#### Problem
What you output must match, exactly, the lines from the start of the records to the line containing "初回送料無料 半袖シャツ 上着", both ends kept and pictures excluded.

#### Records for this exercise

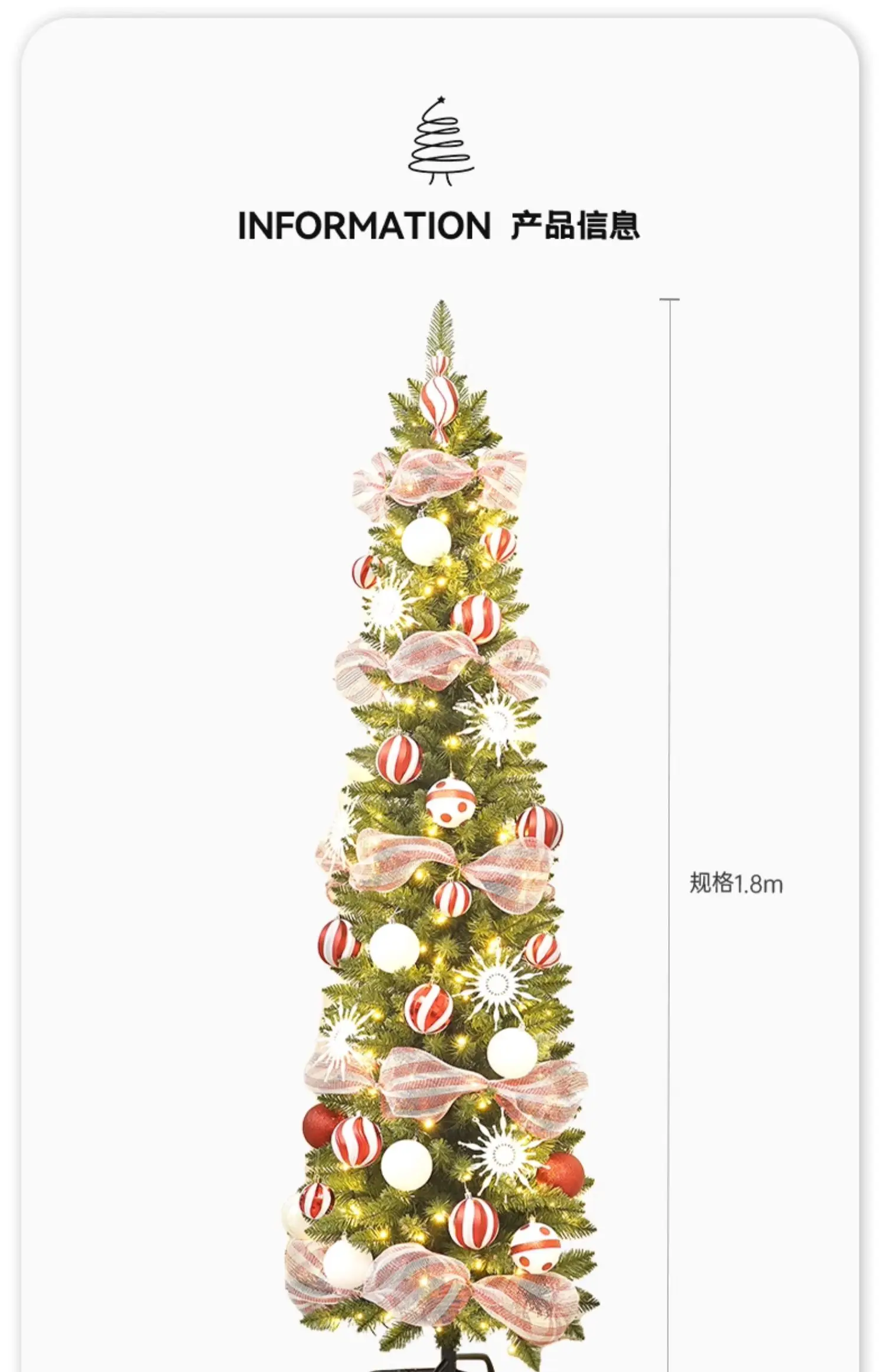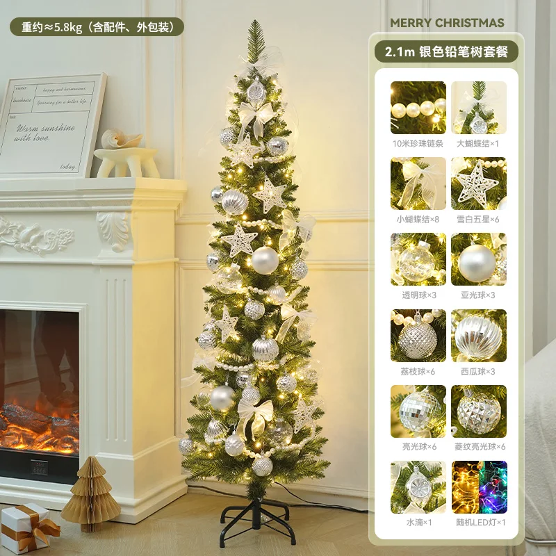 2026 Pencil Christmas Tree with Luxury Decorations Slim Xmas Tree for Home DIY Holiday Ornament Modern Festive Living Room Decor
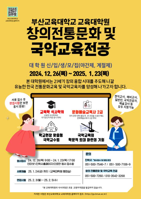 부산교육대학교 교육대학원이 창의적 전통문화 교육과 국악교육의 미래를 이끌어갈 인재 양성을 위해 ‘창의전통문화 및 국악교육전공’ 신입생 모집을 실시한다.
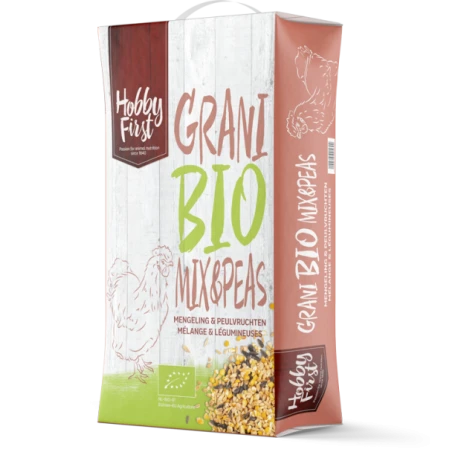 Grani Bio Mix & Peas est composé de graines et de grains issus de la culture biologique (sans utilisation de pesticides chimiques et sans engrais artificiel) et est 100% végétal. Grani Bio Mix & Peas est un mélange varié de maïs concassé et de diverses autres céréales et graines, mais sans soja ni pellets. L’ajout de pois et de lupins augmente la teneur en protéines de manière tout à fait naturelle et stimule ainsi la ponte.
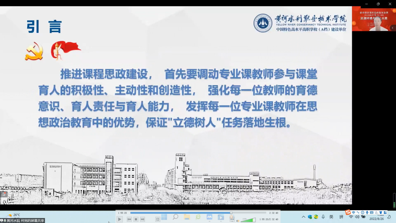 2022年8月26日,测绘工程学院组织全系教师参加2022年秋季学期第十四场资源环境与安全大类全国职业教育课程思政集体备课。本次集体备课兰州资源环境职业技术大学主办。
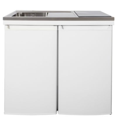 Køkkenet leveres med en hvidlakeret stålplade og en robust stålbordplade i rustfrit stål, som inkluderer en vask og vandlås. Vasken er placeret i venstre side og har et kummemål på 340x380x160 mm. Derudover er der en praktisk vådzone med plads til et skærebræt.
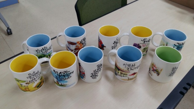 머그컵에 예쁜 그림과 글을 넣어 나만의 멋진 컵을 완성하여
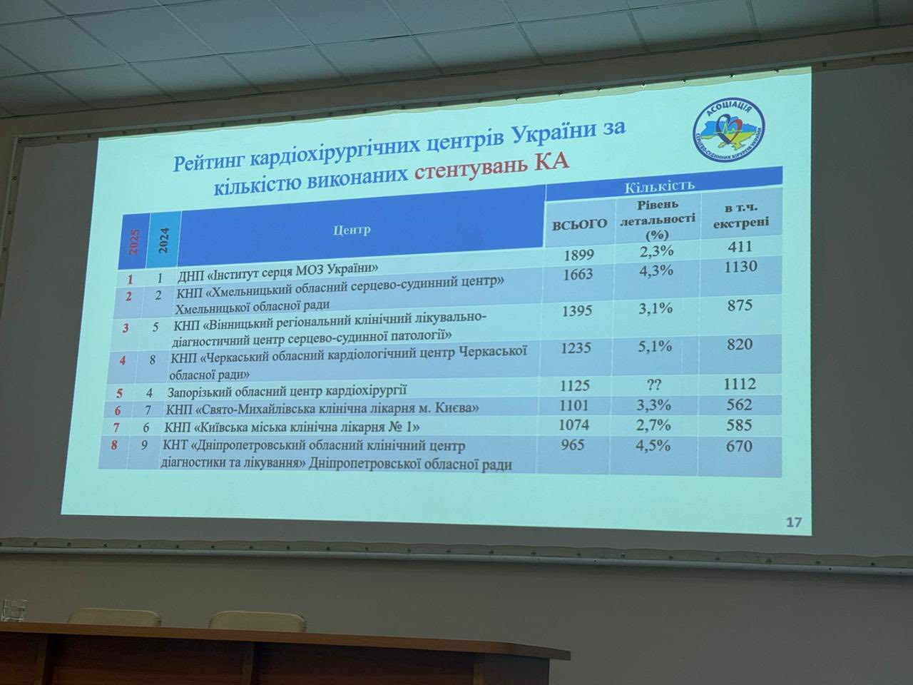 Крім другого місця за кількістю та якістю хірургічного лікування ішемічної хвороби, черкаський кардіоцентр посів четверте місце і за кількістю стентувань коронарних артерій.
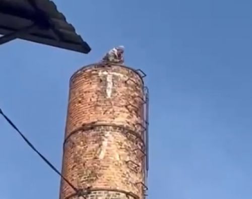 На місці видно високу цегляну трубу — частину старої котельні, яку поступово розбирають. Роботи проводять поруч із територією колишньої історичної споруди.
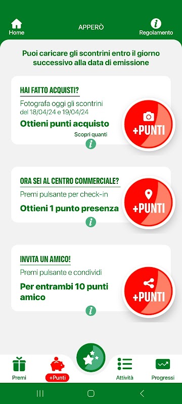 - 上传购物收据照片赚取积分和投注;
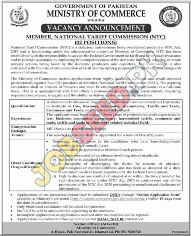 The Ministry of Commerce, Government of Pakistan, invites applications from highly qualified and dynamic professionals for the position of Member, National Tariff Commission (NTC). This is a prestigious public sector employment opportunity for individuals seeking to contribute to national economic policy in Islamabad. The National Tariff Commission is a statutory autonomous body responsible for advising the Federal Government on trade measures and tariff policies to enhance the competitiveness of local industries.
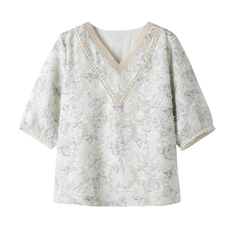 初回送料無料 半袖シャツ 上着 シフォン vネックプリントトップス レディースファション商品
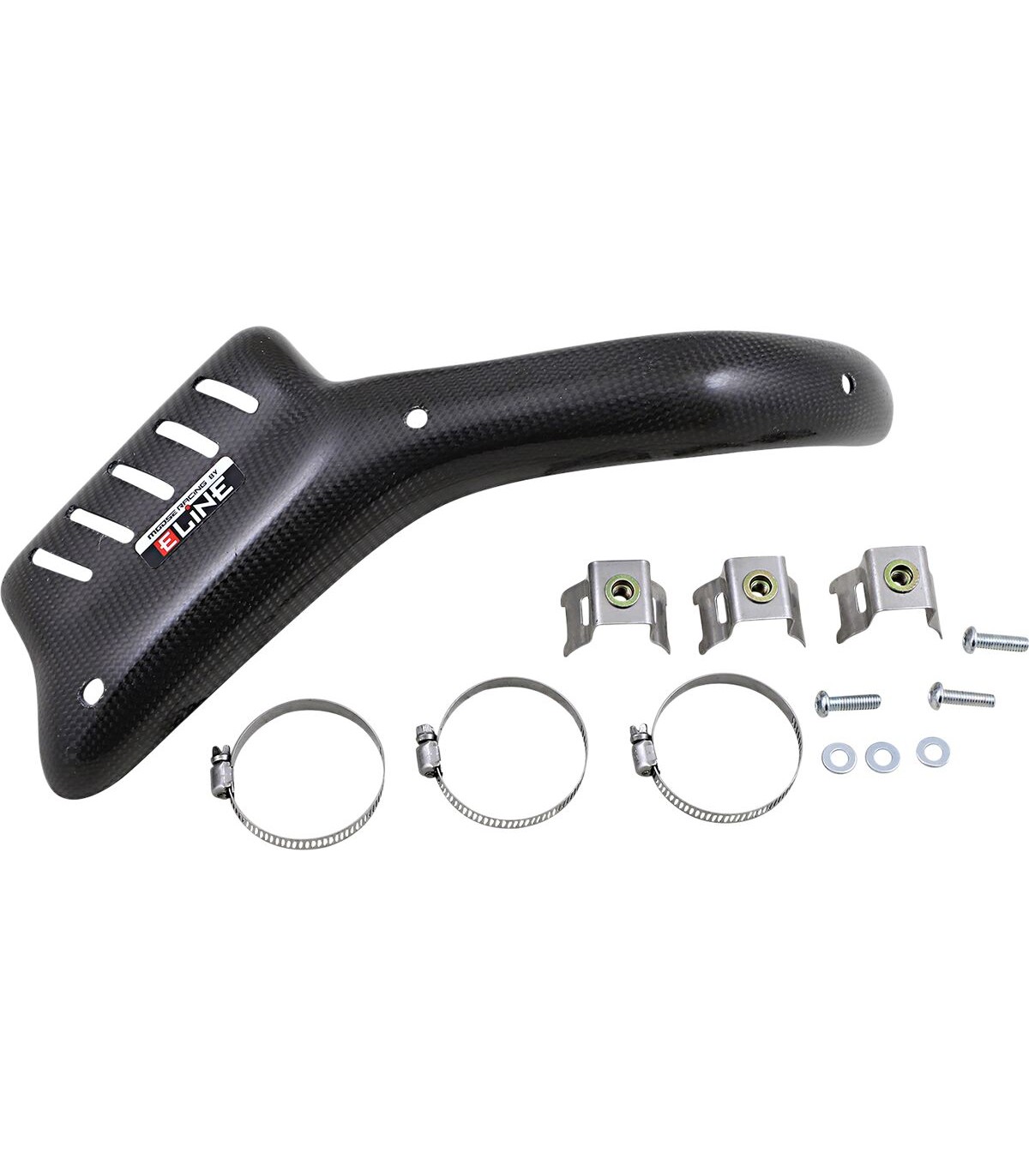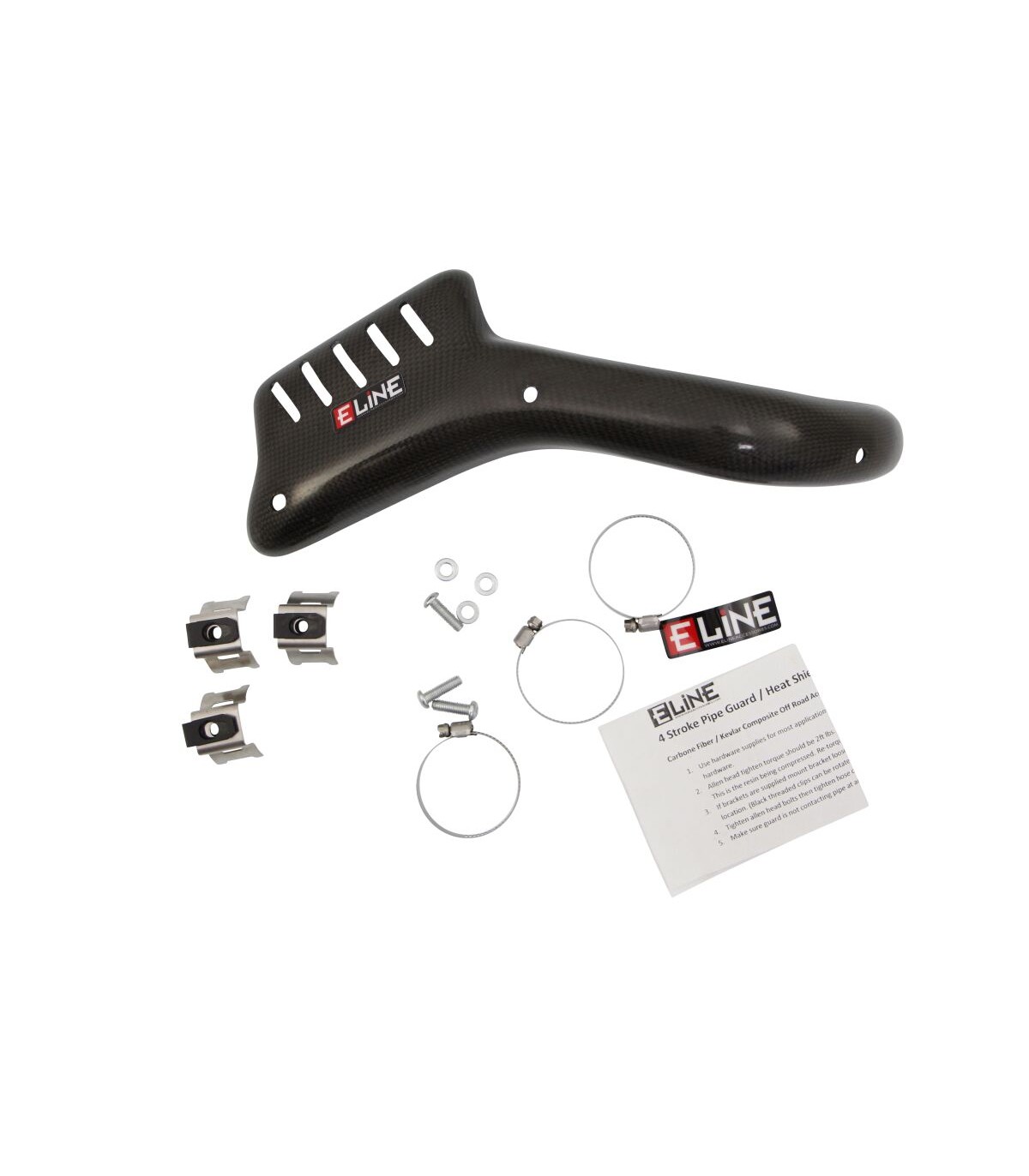 Protection de pot d’échappement E LineMoulées individuellement pour s’adapter parfaitement à chaque foisMatériau composite antibalistique, fibre de verre et résines à hautes températures offrent une protection exceptionnelle : 8 fois plus résistant et 2 fois plus rigide que l'aluminium, le matériau reste 1,5 fois plus léger que ce dernierLe niveau de chaleur du tube d’échappement atteint par les moteurs 4 temps peut facilement fragiliser les échappements ; la chaleur peut également abîmer les pantalons parfois coûteux, ce qui peut être évité en installant une protection de pot d’échappemeProtègent des impacts sur une large surface ; un effet que les protections en aluminium ne parviennent pas à imiter
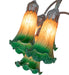 Inspired by the popular Tiffany design from the early 1900s... This floor lamp offers an attractive, delicate design featuring 12 shades created using mouth-blown Favrile-style Amber and Green art glass. The Pond Lily shades are embraced by an elegant Cast Bronze floor base with floral and vine accents featuring a rich Mahogany patina. The Pond Lily Floor Lamp is featured in our American-designed, handcrafted Favrile Glass Lighting Collection. UL and cUL listed for dry locations. Each shade is a unique work of art with color variations based on natural ingredients inherent in the glass. Contact us if color matching is critical when ordering multiple items.

#### Solution to this problem
 2026 Pencil Christmas Tree with Luxury Decorations Slim Xmas Tree for Home DIY Holiday Ornament Modern Festive Living Room Decor
 부산교육대학교 교육대학원이 창의적 전통문화 교육과 국악교육의 미래를 이끌어갈 인재 양성을 위해 ‘창의전통문화 및 국악교육전공’ 신입생 모집을 실시한다.
 Grani Bio Mix & Peas est composé de graines et de grains issus de la culture biologique (sans utilisation de pesticides chimiques et sans engrais artificiel) et est 100% végétal. Grani Bio Mix & Peas est un mélange varié de maïs concassé et de diverses autres céréales et graines, mais sans soja ni pellets. L’ajout de pois et de lupins augmente la teneur en protéines de manière tout à fait naturelle et stimule ainsi la ponte.
 2022年8月26日,测绘工程学院组织全系教师参加2022年秋季学期第十四场资源环境与安全大类全国职业教育课程思政集体备课。本次集体备课兰州资源环境职业技术大学主办。
 Køkkenet leveres med en hvidlakeret stålplade og en robust stålbordplade i rustfrit stål, som inkluderer en vask og vandlås. Vasken er placeret i venstre side og har et kummemål på 340x380x160 mm. Derudover er der en praktisk vådzone med plads til et skærebræt.
 머그컵에 예쁜 그림과 글을 넣어 나만의 멋진 컵을 완성하여
 Крім другого місця за кількістю та якістю хірургічного лікування ішемічної хвороби, черкаський кардіоцентр посів четверте місце і за кількістю стентувань коронарних артерій.
 На місці видно високу цегляну трубу — частину старої котельні, яку поступово розбирають. Роботи проводять поруч із територією колишньої історичної споруди.
 - 上传购物收据照片赚取积分和投注;
 The Ministry of Commerce, Government of Pakistan, invites applications from highly qualified and dynamic professionals for the position of Member, National Tariff Commission (NTC). This is a prestigious public sector employment opportunity for individuals seeking to contribute to national economic policy in Islamabad. The National Tariff Commission is a statutory autonomous body responsible for advising the Federal Government on trade measures and tariff policies to enhance the competitiveness of local industries.
 初回送料無料 半袖シャツ 上着 シフォン vネックプリントトップス レディースファション商品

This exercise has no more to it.